:: Dataset excerpt ::
--

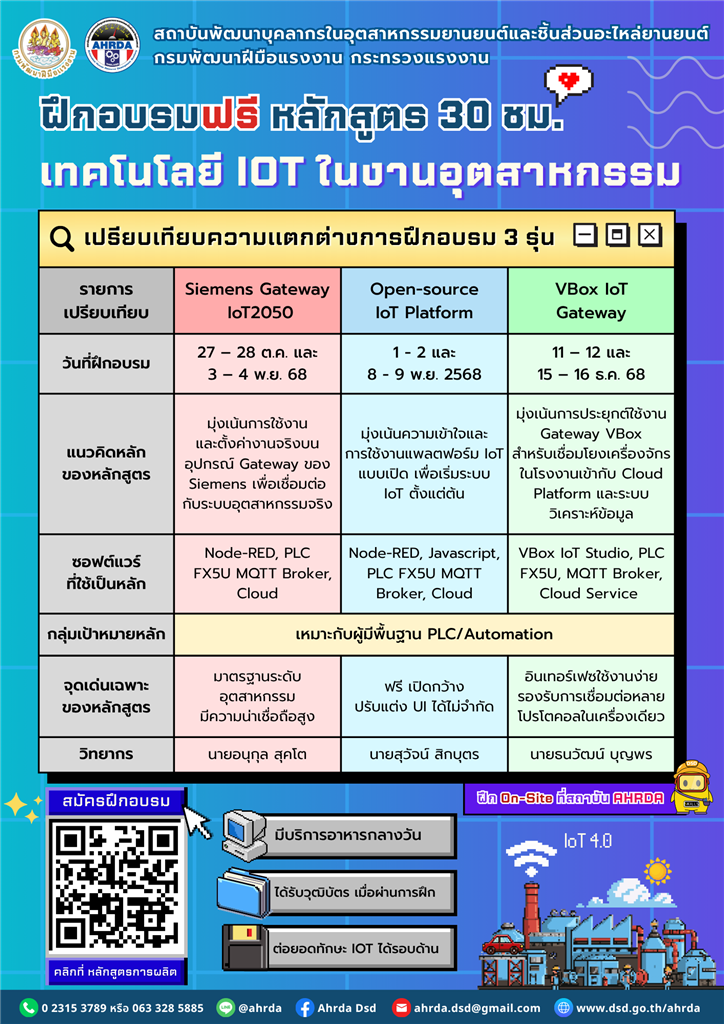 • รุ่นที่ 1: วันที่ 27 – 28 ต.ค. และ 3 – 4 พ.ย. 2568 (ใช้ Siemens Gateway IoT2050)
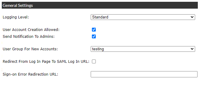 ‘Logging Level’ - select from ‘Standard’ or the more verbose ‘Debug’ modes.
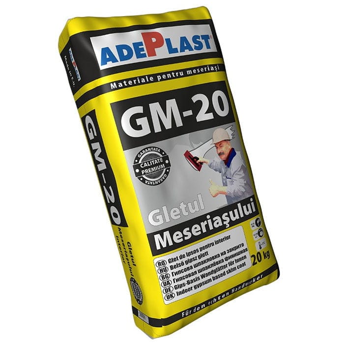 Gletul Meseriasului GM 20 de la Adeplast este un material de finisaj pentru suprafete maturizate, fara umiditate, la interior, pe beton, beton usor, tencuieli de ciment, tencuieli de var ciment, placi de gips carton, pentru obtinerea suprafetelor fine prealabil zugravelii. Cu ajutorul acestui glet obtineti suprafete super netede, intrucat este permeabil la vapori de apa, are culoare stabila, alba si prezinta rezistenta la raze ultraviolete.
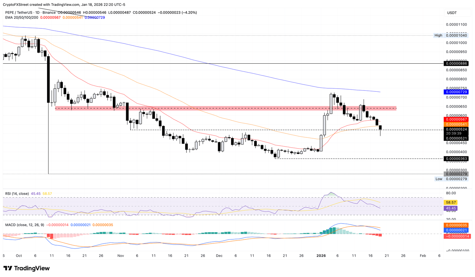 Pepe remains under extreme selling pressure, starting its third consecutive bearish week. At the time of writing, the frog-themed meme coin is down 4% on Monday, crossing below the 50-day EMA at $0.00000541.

--

:: Task item ::
For this task, give the full listing again verbatim and keep out every picture.

:: Your solution ::
 • รุ่นที่ 1: วันที่ 27 – 28 ต.ค. และ 3 – 4 พ.ย. 2568 (ใช้ Siemens Gateway IoT2050)
 ‘Logging Level’ - select from ‘Standard’ or the more verbose ‘Debug’ modes.
 Gletul Meseriasului GM 20 de la Adeplast este un material de finisaj pentru suprafete maturizate, fara umiditate, la interior, pe beton, beton usor, tencuieli de ciment, tencuieli de var ciment, placi de gips carton, pentru obtinerea suprafetelor fine prealabil zugravelii. Cu ajutorul acestui glet obtineti suprafete super netede, intrucat este permeabil la vapori de apa, are culoare stabila, alba si prezinta rezistenta la raze ultraviolete.
 Pepe remains under extreme selling pressure, starting its third consecutive bearish week. At the time of writing, the frog-themed meme coin is down 4% on Monday, crossing below the 50-day EMA at $0.00000541.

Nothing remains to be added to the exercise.